Re: [R-sig-phylo] Plotting Posterior Probabilities from MrBayes Trees (An Update)

David Bapst Wed, 08 Oct 2014 07:53:12 -0700

Hello all,

Unable to get phyloch's read.mrbayes() to read my .con.tre files (for
reasons unknown), I've gone with Graham's suggestion to use the simple
output format from sumt. However, as I have a large number of analyses
which took considerable computational time (and I am stubborn to learn
how to run these on a cluster) I decided the more economical thing to
do was to write an R script that took the existing nexus files and
wrote a nexus file with MrBayes blocks that would output 'simple'
format consensus trees. I realize such string manipulation might be
easier in some other language, but I know R best.


Here it is, in case anyone else ever needs such a thing:

_________________________________________________

#change to dir for MB files
setwd("C:/dave/workspace/mrbayes")

#get files
files<-list.files()
#get tree files
treeFiles<-files[grep(x=files,pattern="run..t")]
#get the nexus files
inputs<-sort(unique(sub(".run..t","",treeFiles)))
inputs<-sort(unique(sub(".tree.","",inputs)))

#now start constructing sumt lines
bayesBlock<-"#NEXUS"
for(i in 1:length(inputs)){
    origNex<-scan(inputs[i],what="character",sep="\n",blank.lines.skip=FALSE)
    cropNex<-origNex[2:grep(origNex,pattern="mcmcp")]
    #remove log line
    cropNex<-cropNex[-grep(cropNex,pattern="log start")]
    sumtLine<-paste0("sumt filename=",inputs[i]," outputname=",
        paste0(inputs[i],".simple")," conformat=simple;")
    bayesBlock<-c(bayesBlock,cropNex,sumtLine,"","end;","")
    }

write(bayesBlock,file="simple_sumt.nex")

_______________________________________________

Some caveats: this script assumes you already have mrbayes blocks in
your nexus files (all of which are stored with all output in the same
directory), including a line where you set MCMC parameters (mcmcp)
just prior to calling the MCMC itself and after any other
modifications to the dataset, model or prior settings.

If you execute the nexus file created, it should run sumt and output
new output files with 'simple' in the file name.

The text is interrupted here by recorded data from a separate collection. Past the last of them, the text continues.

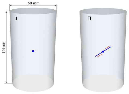 The bulk sandstone samples collected in the field were transported to the laboratory for preparation. The sandstone specimens were prepared following the guidelines provided by the International Society for Rock Mechanics (ISRM) [28]. The specimens were then processed into standard cylindrical forms, with a diameter of 50 mm and a height of 100 mm. The specific preparation process is shown in Figure 1. Subsequently, based on the intact sandstone obtained from the above preparation, sandstone specimens with different prefabricated fracture geometry parameters were further prepared by a mechanical cutting method. A 3 mm diameter diamond drill was used to drill a hole in the center of the intact specimen at the position shown in state I in Figure 2. A circular hole of 3 mm front-to-back through type was formed along the diameter direction of the specimen. Then, a diamond corded saw was passed through the small hole and cut back and forth along the pre-designed direction of fissure distribution until a fissured sandstone specimen was completely produced as shown in state II in Figure 2. It has been experimentally verified that the water-saturated specimens require immersion of the natural specimens in water for 45 days to be obtained. Finally, single-fissured sandstone specimens were obtained for uniaxial compression testing under natural and water-saturated conditions. The length of the fissure was 10 mm, the width was 1.5 mm, and the angle was 45°.
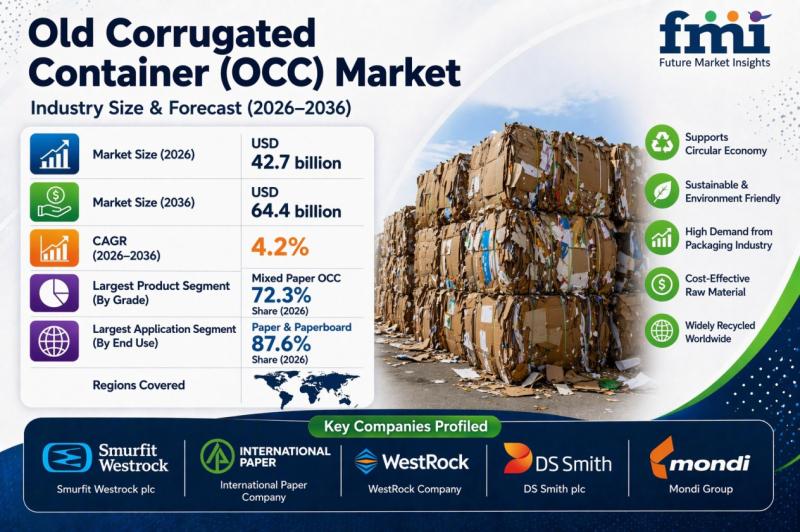 According to latest insights by Future Market Insights, the global Old Corrugated Container (OCC) market is projected to grow from USD 42.7 billion in 2026 to USD 64.4 billion by 2036, expanding at a CAGR of 4.2%. Growth is driven by rising demand for recycled fiber in containerboard production, increasing e-commerce packaging volumes, and strong regulatory emphasis on circular economy practices.
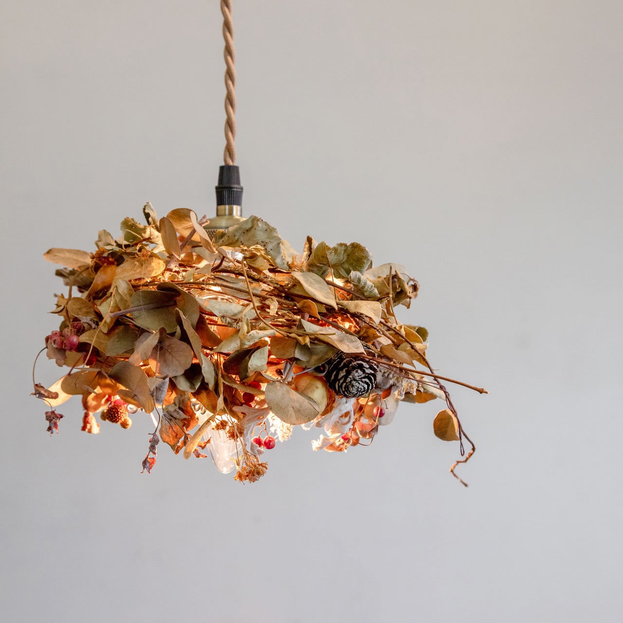 木の実や野花などの彩りを添えて大人の可愛らしさをプラスした シブカワ華やな「よそおいリース」がシェードの ペンダントライトです。 出会う草蔓は年によって、季節や天候などによっても左右されます。 規格通りや、予定通りにいかないもの魅力のひとつ。 同じものは2つとない“おまかせ、セミオーダーメイド”を おおらかに楽しんで頂けましたら幸いです。 商品はご注文いただいてから、心を込めて制作します。 ご要望ありましたら、備考欄にご記入ください。 3週間ほどのお時間をいただいています。注文をいただいてから、オーダーメイドでお作りしていますので、何卒ご了承ください。ギフトなど、どうしても、、この日までに、、という時は一度ご相談くださいませ。 ーーーーーーーーーーーーーーーーーー シェード 素材 ドライorセミドライ植物 サイズ Sサイズ (直径 約15cm〜18cm) 灯具 ねじりコード100cm 真鍮ソケット 口金E26 引っ掛けシーリング式 電球(別売り) ※必ずLED電球をご使用ください (普通電球の60W相当以下) ーーーーーーーーーーーーーーーーーーー ※掲載の写真は、あくまでも一例です。実物とは異なりますのでご注意ください。 ※火災の恐れがありますので、必ずLED電球をご使用ください。 ※配送の段階で微小な素材落ちの可能性がありますが、自然素材特有のものとして、予めご了承ください。 ※高温多湿での保管、ご使用はカビの原因となります。
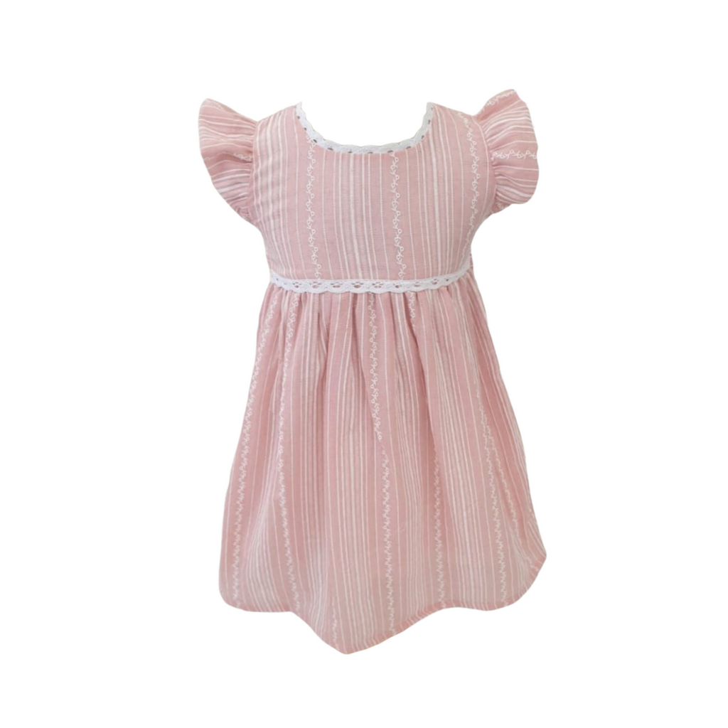 Baby Girl & Kids Flutter Sleeve Lace Detail Dress in Pink

Analyses where there
are multiple trees (such as partitioned analyses with unlinked branch
lengths) will have multiple consensus trees estimated for them, as
expected if we had originally done this immediately after running
mcmc. Also note I crop out any lines that create new log files,
because I didn't want to write over my old log files.

The resulting simple-format consensus tree files can be read into ape
with read.nexus just fine. For whatever reason, these nexus files
contain two trees, otherwise identical other than that one contains
the posterior probabilities as its node-labels.

....However! There is a big however here.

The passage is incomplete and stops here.